Four Points to VONA, Or the Nagging Question: What Am I Doing Here?

I start with four points, stumble through four thoughts and end with four, gems thats where VONA presents itself so far at the end of the first full day of workshop.
Today was the end of the first full day of “workshopping”, which apparently is a thing you do in a MFA program. I had spent the plane ride over to Miami, Florida reading the manuscripts of other participants in the VONA Voices Travel Writers Workshop. Four things stand out:
  1. I have no idea what I have signed up for, let alone what an MFA experience is all about. This makes the whole thing even more intimidating.
  2. I honestly can’t even compare my writing to these manuscripts I am reading. They are so good, and honestly raw.
  3. I don’t understand poetry, and in fact, I find myself really despising it and despising myself for despising it. Whats this visceral response to poetry about?
  4. As the first/second day comes to an end, I don’t have any answers to my questions but rather far more new questions piling up on an already extensive list of unanswerable questions.
Besides these four immediate bothersome things, I am still really excited to be here. Miami is a great change of environment. The moment I stepped off the plane I got hit with a blast of hot humid air and it hasn’t let up. In fact, during the first full day of workshops the clouds gathered from out over the Atlantic and dumped a gracious amount of rain all over us while we were making our way back from lunch.
I really am happy to have a functional room, and my room mate didn’t show up (this is a constant ongoing occurrence in my life!). Its odd how the smallest things can change attitude. My room at home is not functional, its also not set up in a way that makes me feel welcome. It just exists, much like my current status in life. So having this little space that I can fully control and that provides functionality is a huge blessing that I am realizing the importance of now that I have it.
I also have retreated into my introverted self. I am not going out of my way to make new friends. I am not going out of my way to connect with people outside my workshop.
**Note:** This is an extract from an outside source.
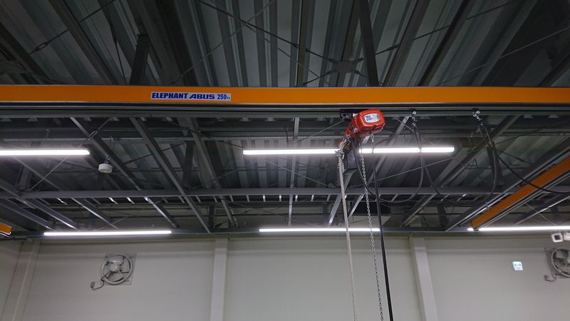 工事内容: 後付けのクレーン設置工事 サイズ:横行10mX走行16m 定格荷重:250kg 揚程:5m →横行と走行は手動、上下は電動 (メーカー:象印チェンブロック 軽レールクレーンシステム)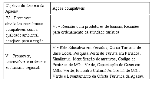 Entre os cinco objetivos específicos de criação da Apaeav, dois tem relação com a atividade turística. Analisando os Relatórios Anuais de Atividades, foram identificadas as seguintes ações compatíveis com esses objetivos, conforme Quadro 1, a seguir.

I think the biggest reason is that everyone here embraces their ability to write and their perception of self as a writer, whereas I still feel like an imposter and like a visitor that stumbled upon this magical place where writing is the center of everything everyone does. They seem to know the secret to writing, whereas I am still not privy to it. (Please someone fill me in on it!)
I am trying really hard to focus on the writing and the craft, but also, its Ramadan. Having to fast while here, not having the Ramadan environment, thats proving to be a bit more difficult for me. This is the first Ramadan where I am not fully engaged with it. I am leaning toward skipping the fasting so I can conform to the VONA schedule and make the most out of the “workshopping” experience.
SAMSUNG CSC
Some unrelated yet still significant gems from the experience so far:
  • I dont know much about travel writing, I don’t think that I saw it as a separate genre of literature prior to this workshop. But Faith Adiele, who wrote Meeting Faith and is the facilitator for the travel workshop, framed travel writing as a by product of the imperial endeavor that came into being as an independent genre today. I think that places me in the larger scope of the genre at the intersection of status quo and disruption.
  • Faith also reiterated that “Writing isn’t like gymnastics, you dont age out,” which was a good reminder for me to keep embracing this challenge and working on it for myself.
  • In discussing today’s manuscripts there was a constant focus on the “Show vs Tell” dichotomy in the writing craft. This is part of the craft, and a good writer stays clear of “telling”, rather they are very articulate in showing the reader.
  • English is my dominant language, yet its like a suit, a bit uncomfortable at times. English, like the suit, works and gives a sense of pride. When the suit looks smart you feel good. But that doesn’t make the suit, or the English language, less constricting. Its not like a second skin. Urdu, while its familiar and a source from which I can draw comfort, often makes me feel like I am being viewed by its speakers as I view a white girl wearing a sari and sporting a bhindi- silly, a bit of a token. If I had a language of choice, a second skin, its the language of silent thoughts and observations in my head.